In this study, “vaccine(s)” was not included for key word search. Sentiment related to vaccines is an important aspect of the public’s perception of the pandemic, as the widespread availability and acceptance of vaccines is seen as key to controlling the spread of the virus and eventually bringing the pandemic to an end. However, the decision was made not to include vaccines in queries to maintain a clear interpretation of the relationships between overall sentiment of COVID-19 on Twitter and the predictors. Vaccine sentiment may have introduced nuanced correlations in the presence of misinformation and politics. Future study would conduct a topic analysis in depth to identify terms relating to COVID-19 and stratify keywords into sub-topics including vaccines.
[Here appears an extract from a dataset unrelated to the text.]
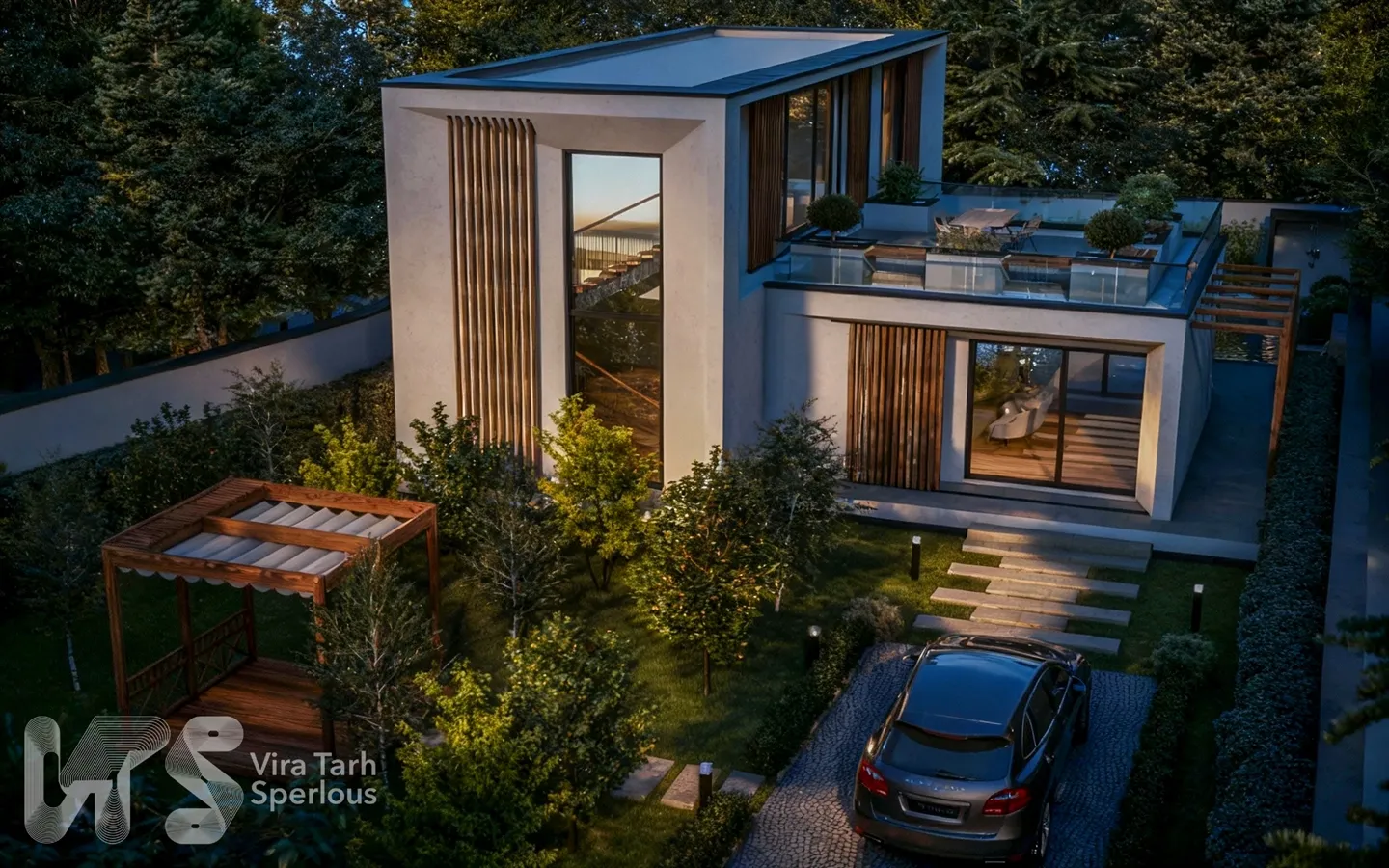 این ویلای دوبلکس مدرن به سفارش جناب آقای کُرد و در منطقه آبسرد دماوند طراحی و اجرا شده است. متراژ زمین پروژه ۳۹۰ مترمربع بوده و سطح اشغال بنا ۱۱۰ مترمربع در نظر گرفته شده است؛ در حالیکه زیربنای کل ساختمان حدود ۱۶۰ مترمربع میباشد. طراحی معماری ویلا بر اساس اصول سبک مدرن شکل گرفته و با تأکید بر سادگی، خوانایی احجام و ترکیب متریالهای معاصر انجام شده است. استفاده از خطوط صاف، حجمهای مکعبی، بازشوهای بزرگ شیشهای و تلفیق متریالهایی نظیر سیمان سفید، چوب ترمو و شیشه، نمایی مینیمال و در عین حال گرم و چشمنواز ایجاد کرده است. در این پروژه، استخر در محوطه ویلا جانمایی شده که نقش مهمی در ارتقای کیفیت فضایی و ایجاد ارتباط بصری میان فضای داخلی و خارجی ایفا میکند. همچنین طراحی روفگاردن بهعنوان یکی از فضاهای شاخص ویلا، امکان استفاده بهینه از بام، ایجاد فضای نشیمن باز و بهرهمندی از چشمانداز طبیعی منطقه آبسرد را فراهم آورده است. این ویلا نمونهای از یک طراحی مدرن، جمعوجور و عملکردگراست که متناسب با ابعاد زمین و نیازهای کارفرما، فضایی آرام، کاربردی و امروزی را ارائه میدهد.

The current research focused on text-based emotion analysis at this stage, because text is still the primary choice for people to express their feelings toward other persons, events, or things. However, a multi-platform approach, such as using CrowdTangle, for richer sources of information can be valuable to analyze emotions. A multi-platform approach may have provided a more comprehensive view of public sentiment. For future research, we will consider incorporating data from additional platforms for the analysis in context for the data noise such as sarcasm and irony.
Extracting emotions behind text is still an immense and complicated task in current literature. The study contributes to existing literature by directly examining the effect of health data and Google Trends interest to Twitter sentiment over the duration of the pandemic. The information from this study can be used to acquire a better understanding of COVID-19’s emotional impact on people and communities, as well as their fears, concerns, and coping mechanisms. Furthermore, tracking the emotional patterns of COVID-19-related tweets over time can offer a more thorough picture of how public views and perceptions of the pandemic are changing. Overall, monitoring COVID-19-related tweets for emotion change can support public health research and help inform strategies to address the impacts of the pandemic on individuals and communities.
Supplementary material
To view supplementary material for this article, please visit https://doi.org/10.1017/dmp.2023.101
Competing interests
The authors declare that there is no conflicts of interest.